To exclude corrosive properties, OECD 431 was perforemd.After exposure of the tissues to the test item the relative absorbance values were not reduced compared with the negative control value, neither after 3 minutes exposure, nor after 1 hour exposure (118.4% and 121.6%, respectively). Both values did not touch the threshold for corrosivity, which is defined to be <50% after the 3 minutes exposure and <15% after the 1 hour exposure. Therefore, the test item was not considered to be corrosive.A supporting skin irritation study conducted in humans produced a negative result for skin irritation with a 5% formulation and a phototoxicity test produced neagtive results at 5% in vaseline.

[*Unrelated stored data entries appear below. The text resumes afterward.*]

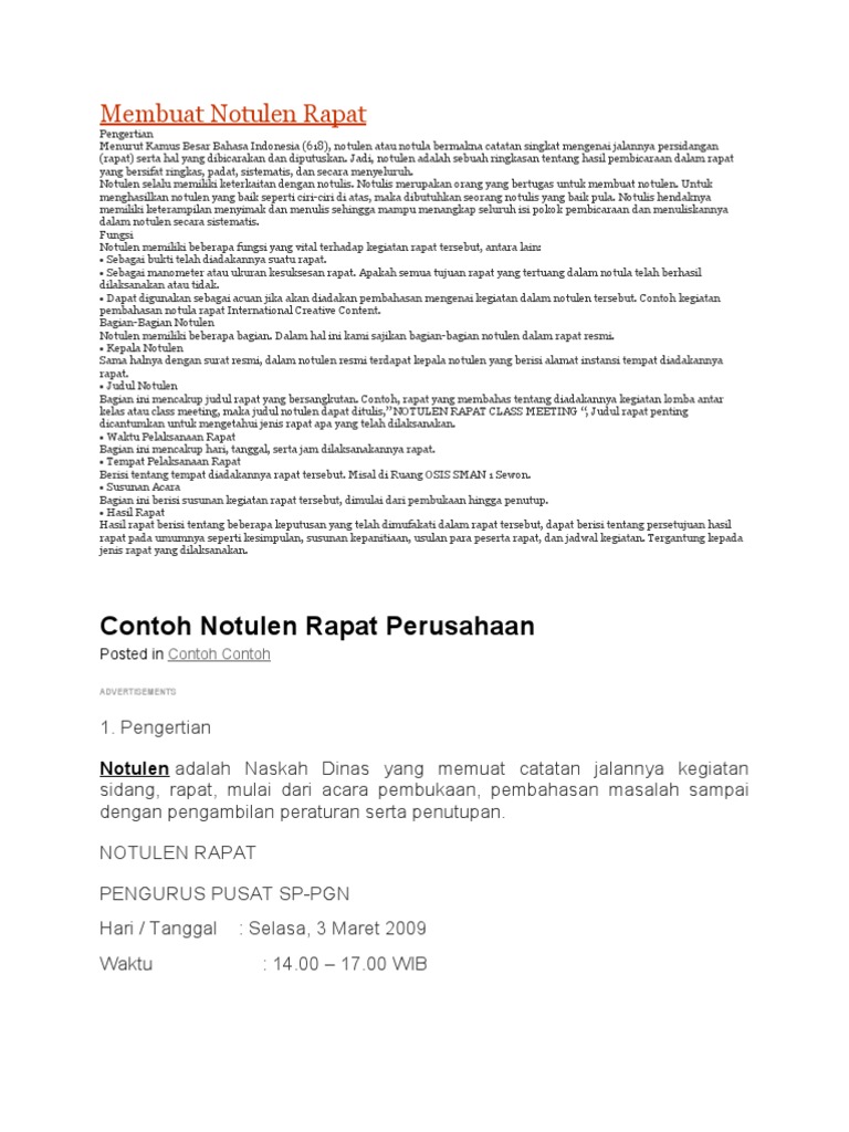 Agar sebuah rapat terdokumentasi sesuai prosedur maka sangat dibutuhkan sebuah notulen rapat. Menurut kamus besar bahasa indonesia 618 notulen atau notula bermakna catatan singkat mengenai jalannya persidangan rapat serta hal yang dibicarakan dan diputuskan. Contoh notulen yang benar untuk anda yang terbiasa melakukan kegiatan berorganisasi seperti seminar diskusi maupun rapat tentu sudah tidak asing lagi dengan yang namanya notulen dan berita acaraunuk masalah berita acara rapat sudah pernah kita bahas di postingan sebelumnya oleh sebab itu kali ini kita akan membahas cara membuat notulen yang baik dan benar.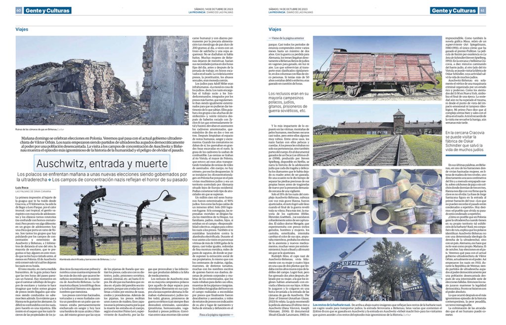 Hoy domingo se celebran elecciones en Polonia. Veremos qué pasa con el actual gobierno ultraderechista, que suma ya dos legislaturas seguidas gobernando el país. Los nazis empezaron siendo partidos de ultraderecha aupados democráticamente al poder por una población desencantada. Este texto, crónica de una visita a los campos de concentración nazis de Auschwitz-Birkenau, se publicó en La Provincia.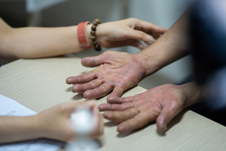 Theo bác sĩ Dung, trong số các bệnh lý, nấm da là tình trạng phổ biến, thường xuất hiện ở vùng chân hoặc ở những người tiếp xúc với vật nuôi như mèo. Bệnh có thể khởi phát chỉ từ vài nốt nhỏ nhưng lan nhanh trong điều kiện nóng ẩm, nhất là khi người bệnh gãi nhiều gây trầy xước da.

The local effect of the test substance in the in vitro assay on the bovine cornea according to OECD Guideline 437 proved negative. Here, the undiluted test item, the positive, and the negative controls were applied to corneae and incubated for 10 minutes at 32 ± 1 °C. After the incubation phase, treatment and controls were each rinsed and the corneae were incubated for another 120 minutes at 32 ± 1 °C in incubation medium. Relative to the negative control, the test item did not cause a relevant increase of the corneal opacity or permeability. The calculated meanin vitroirritancy score was 2.54 (≤ 3: No category, >3 - ≤55 No prediction can be made, > 55 Category 1). No classification as eye irritant is required. This is supported by an in vivo test performed similar to OECD Guideline 405. Here, a 5% formulation of the test substance in vaseline when instilled at dose of 0.1g into the conjuctival sac of six New Zealand White rabbits produced only very mild effects upto 48 hours after treatment. The mean scores after 24, 48 and 72 hours  were 0.3, 0.3, 0.3 and 0.3 respectively.

Justification for classification or non-classification

Skin : According to the available data, the substance is considered skin irritant Cat 2 (H315) according to Regulation (EC) No 1272/2008 (2017).

Eye : Based on the available data, no classification is required according to Regulation (EC) No 1272/2008 (2017).